Pictures are to be dropped, and only the lines from the one containing "Striped Pattern Matching" through the end of the data below are to be reproduced as written.
━━━ The data
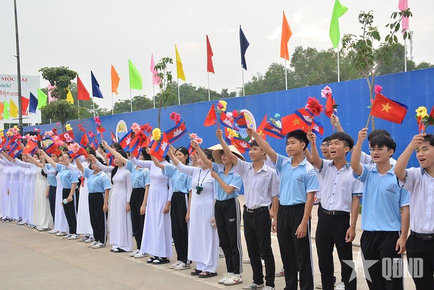 Ngay từ sáng sớm, bầu không khí rộn ràng, tươi vui, thắm tình đoàn kết, hữu nghị ngập tràn cặp cửa khẩu quốc tế Mộc Bài - Bavet.
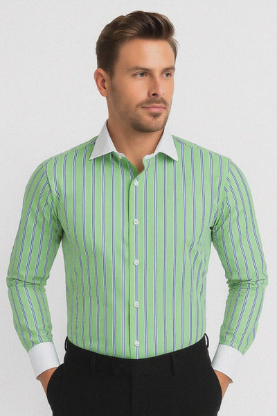 Striped Pattern Matching White Collar & Cuffs Green Cotton Men's Dress Gingham Shirt – Checker Pattern – French Cuff – White Collared + Free Bowtie
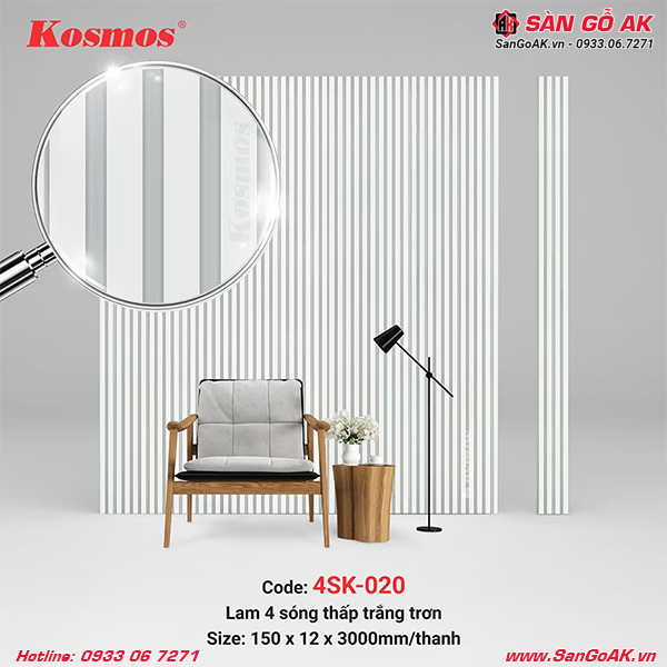 - Lam 4 Sóng Thấp Kosmos 4SK-020 Trắng Trơn: Vẻ Đẹp Tinh Tế Cho Không Gian Hiện Đại
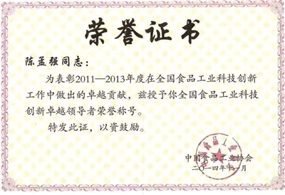 1987年,陳孟強參與起草了《保國際金牌奪國際金獎》的專題報告,并在全國輕工行業(yè)工作會議上進行了匯報。
━━━━━━
**Result of this exercise:**
 Striped Pattern Matching White Collar & Cuffs Green Cotton Men's Dress Gingham Shirt – Checker Pattern – French Cuff – White Collared + Free Bowtie
 - Lam 4 Sóng Thấp Kosmos 4SK-020 Trắng Trơn: Vẻ Đẹp Tinh Tế Cho Không Gian Hiện Đại
 1987年,陳孟強參與起草了《保國際金牌奪國際金獎》的專題報告,并在全國輕工行業(yè)工作會議上進行了匯報。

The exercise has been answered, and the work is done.